Data records:
■ ■ ■ ■
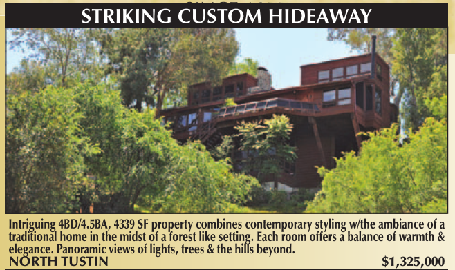 Intriguing 4BD/4.5BA, 4339 SF property combines contemporary styling w/the ambiance of a traditional home in the midst of a forest like setting. Each room offers a balance of warmth & elegance. Panoramic views of lights, trees & the hills beyond. NORTH TUSTIN $1,325,000
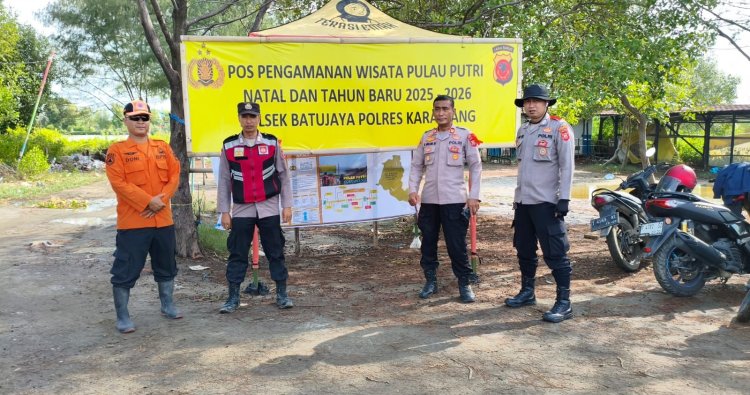 Termasuk personel kepolisian dari sektor Batujaya Polres Karawang yang melaksanakan Giat PAM Nataru Lodaya 2025/2026 di Pos Objek Wisata Pulau Putri Cikeong Batujaya. Jumat (26/12/2025)
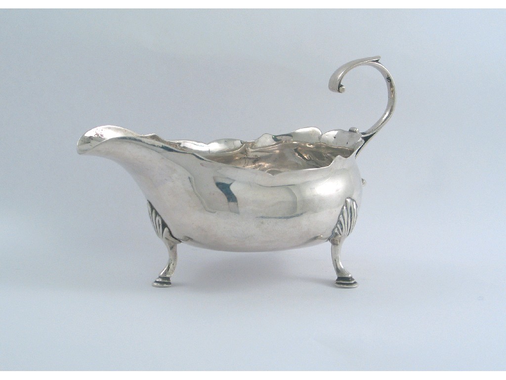 A George III North Country provincial sauceboat on three feet with a wavy rim and flying scroll...
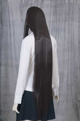 It is about 110 cm long style. Bangs are also long and ideal for processing. It is a mixture of black and bitter brown.
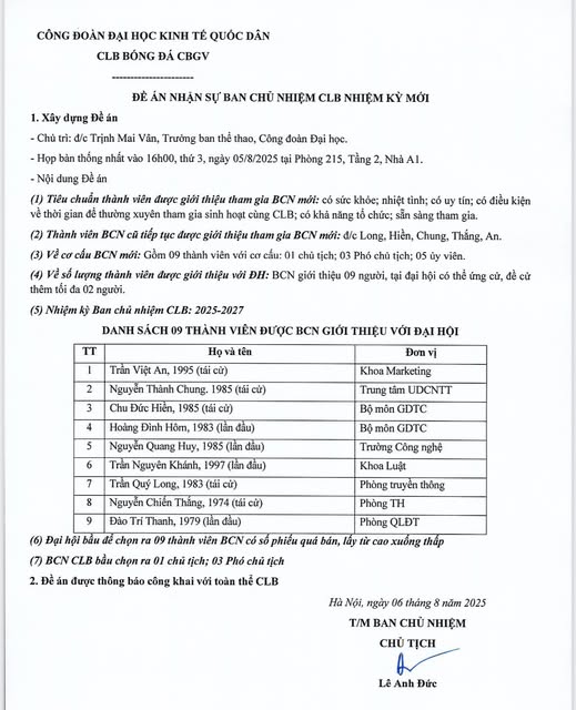 Thông báo Đề án nhân sư Ban chủ nhiệm CLB Bóng đá nhiệm kỳ mới
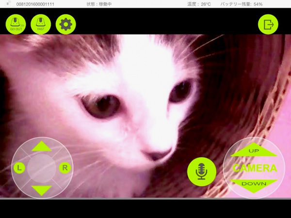 本体を自宅のWi-Fiに接続することで使用でき、さくらインターネット株式会社の「さくらのクラウド」を経由する仕様で、固定IPアドレスは不要。専用アプリは当初はiOS 8.4以降に対応しており、近日中にAndroid版の配信も予定されている。また、本体に赤外線リモコンが内蔵されているため、将来的には遠隔地からの自宅のエアコン操作も実現される予定。連続使用可能時間は約6時間で、充電ステーションは別売となっている。
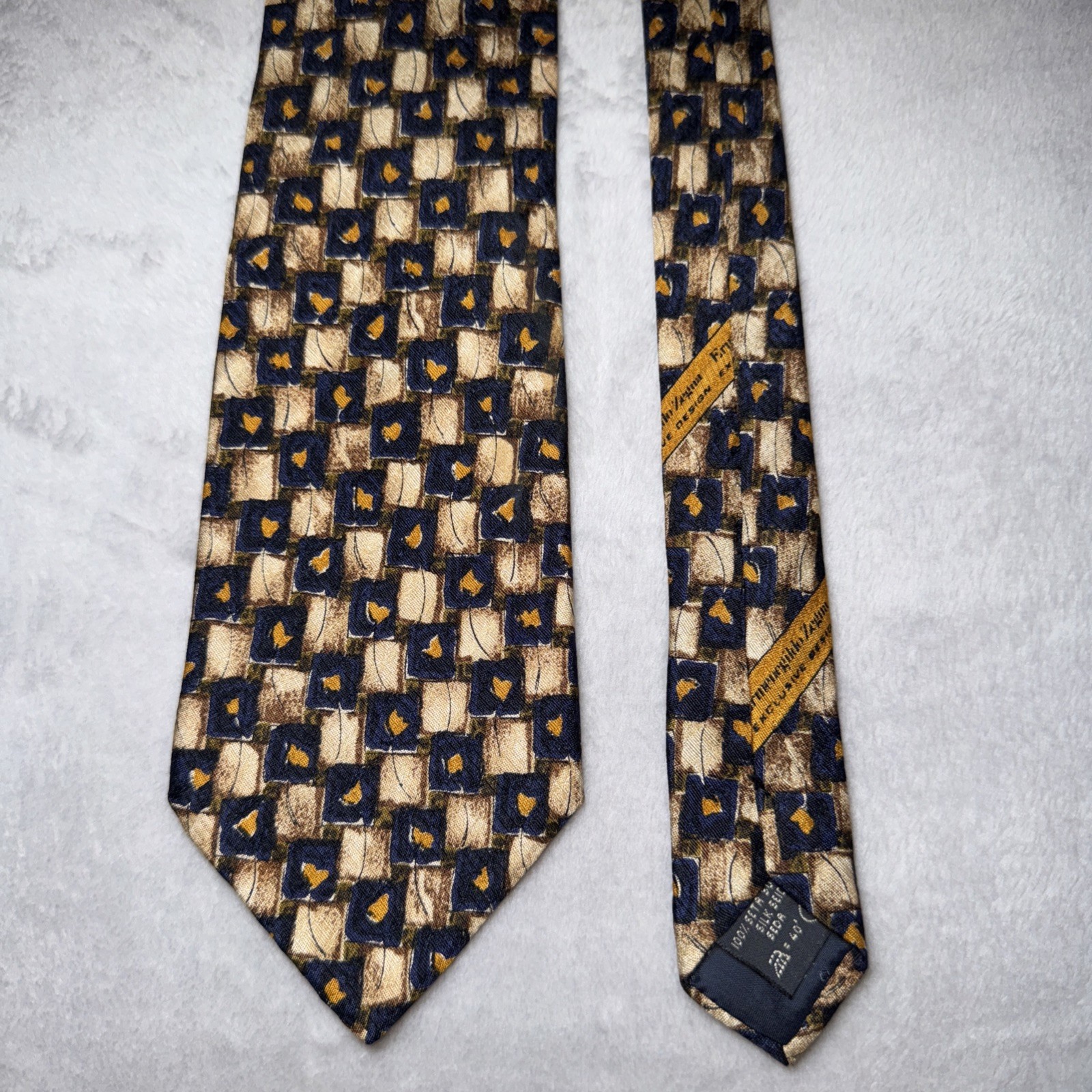 $ 47.52Italo Ferretti Men’s Tie Silvi Marina Hand Made Italy 100% Silk Orange Geometric
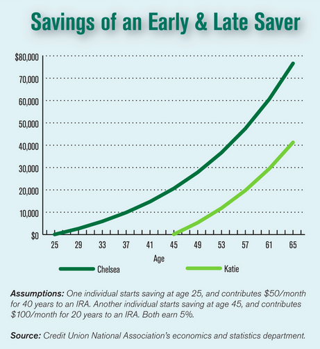 I'll never forget when my dad showed me a chart illustrating the power of time in saving for retirement. I was 16 at the time, and the chart looked something like this:
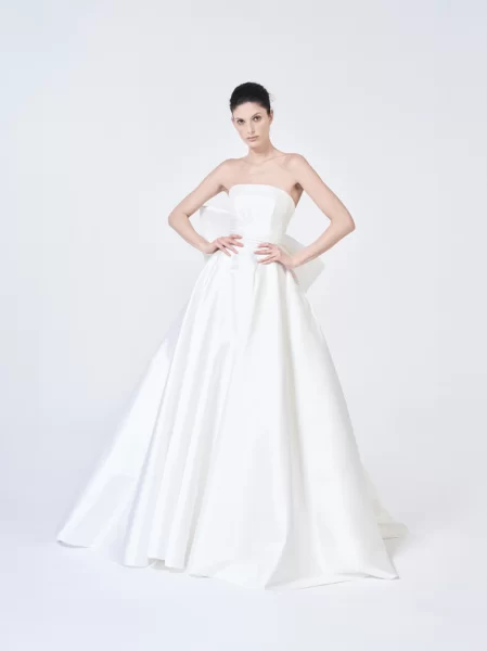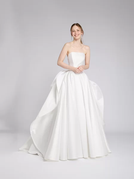 コレクションではアメリアをイメージし発表されたスタイルを日本の花嫁様へ向けトレーンを長くしお届けします。マーメイドラインでも、より華やかなバックスタイルをお楽しみいただけます。
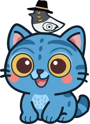 Happy Blue Cat with Fedora Bird DTF Transfer | Ready to Press Design
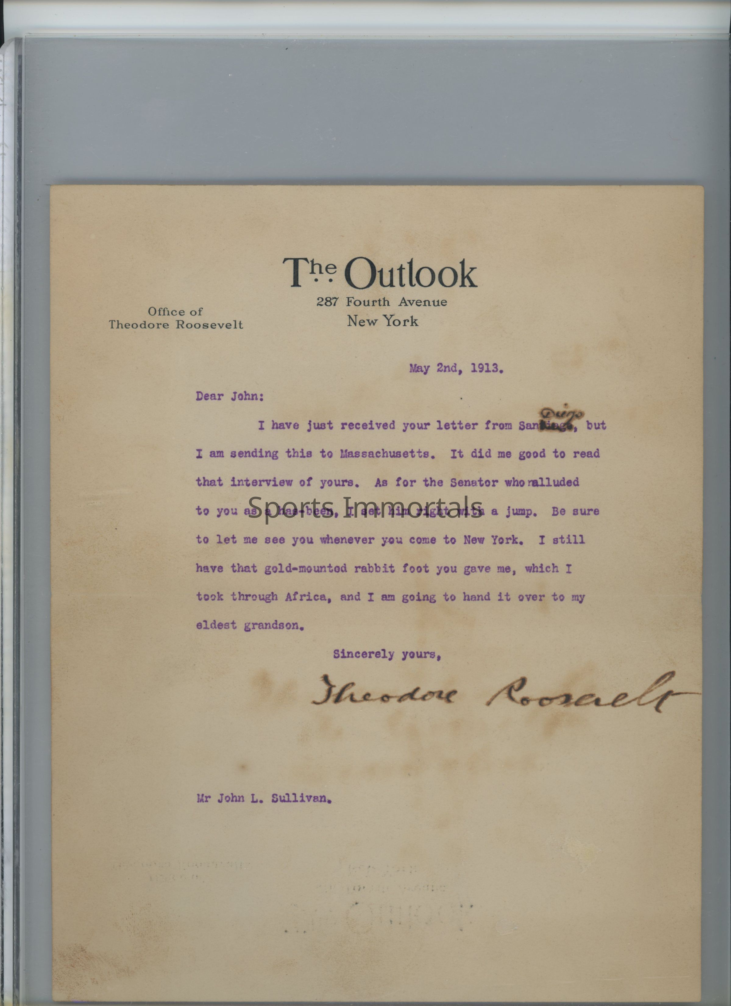 Letter From Roosevelt To Sullivan Commenting On A Senator Who Called Sullivan A "Has Been".
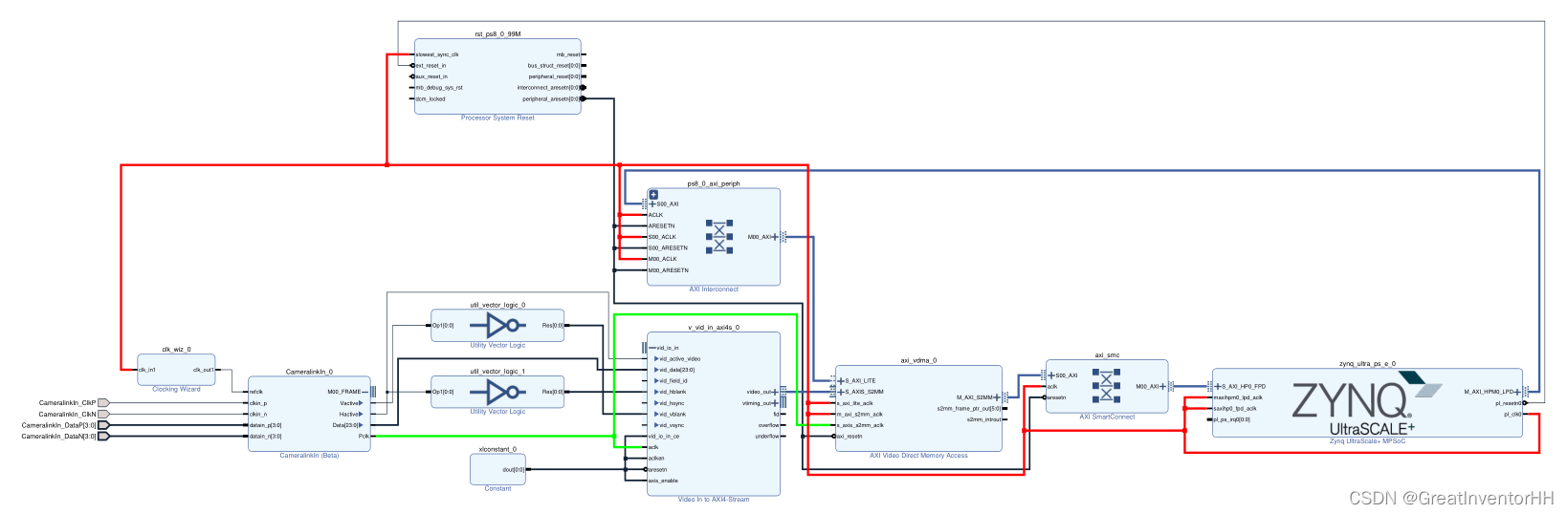 Camera Link接收IP接收的图像数据需要经VDMA送入PS的DDR,VDMA的输入使用的是Xilinx标准的Axi Stream接口,而Camera Link输出的信号是行场有效信号,中间需要加入一个转接模块,这个就是Video In To Axi Stream,Xilinx的图像处理IP核,可以将行场信号转换为Stream信号。所以,完整的采集摄像头数据逻辑为Camera Link In+Video In To Axi Stream+VDMA+PS DDR。在Vivado中的Block Design如下图所示,红色连接线为PS产生的100MHz时钟,绿色连接线为相机产生的65MHz时钟,也是采集数据时钟。Camera Link还需要一个300MHz的参考时钟,由PS产生的100MHz时钟倍频得到。
■ ■ ■ ■
WHAT YOU WILL DO
Repeat exactly the lines above, from the line containing "A George III" through the last line of the records, inclusive; omit any pictures.

YOUR SOLUTION
 A George III North Country provincial sauceboat on three feet with a wavy rim and flying scroll...
 It is about 110 cm long style. Bangs are also long and ideal for processing. It is a mixture of black and bitter brown.
 Thông báo Đề án nhân sư Ban chủ nhiệm CLB Bóng đá nhiệm kỳ mới
 本体を自宅のWi-Fiに接続することで使用でき、さくらインターネット株式会社の「さくらのクラウド」を経由する仕様で、固定IPアドレスは不要。専用アプリは当初はiOS 8.4以降に対応しており、近日中にAndroid版の配信も予定されている。また、本体に赤外線リモコンが内蔵されているため、将来的には遠隔地からの自宅のエアコン操作も実現される予定。連続使用可能時間は約6時間で、充電ステーションは別売となっている。
 $ 47.52Italo Ferretti Men’s Tie Silvi Marina Hand Made Italy 100% Silk Orange Geometric
 I'll never forget when my dad showed me a chart illustrating the power of time in saving for retirement. I was 16 at the time, and the chart looked something like this:
 コレクションではアメリアをイメージし発表されたスタイルを日本の花嫁様へ向けトレーンを長くしお届けします。マーメイドラインでも、より華やかなバックスタイルをお楽しみいただけます。
 Happy Blue Cat with Fedora Bird DTF Transfer | Ready to Press Design
 Letter From Roosevelt To Sullivan Commenting On A Senator Who Called Sullivan A "Has Been".
 Camera Link接收IP接收的图像数据需要经VDMA送入PS的DDR,VDMA的输入使用的是Xilinx标准的Axi Stream接口,而Camera Link输出的信号是行场有效信号,中间需要加入一个转接模块,这个就是Video In To Axi Stream,Xilinx的图像处理IP核,可以将行场信号转换为Stream信号。所以,完整的采集摄像头数据逻辑为Camera Link In+Video In To Axi Stream+VDMA+PS DDR。在Vivado中的Block Design如下图所示,红色连接线为PS产生的100MHz时钟,绿色连接线为相机产生的65MHz时钟,也是采集数据时钟。Camera Link还需要一个300MHz的参考时钟,由PS产生的100MHz时钟倍频得到。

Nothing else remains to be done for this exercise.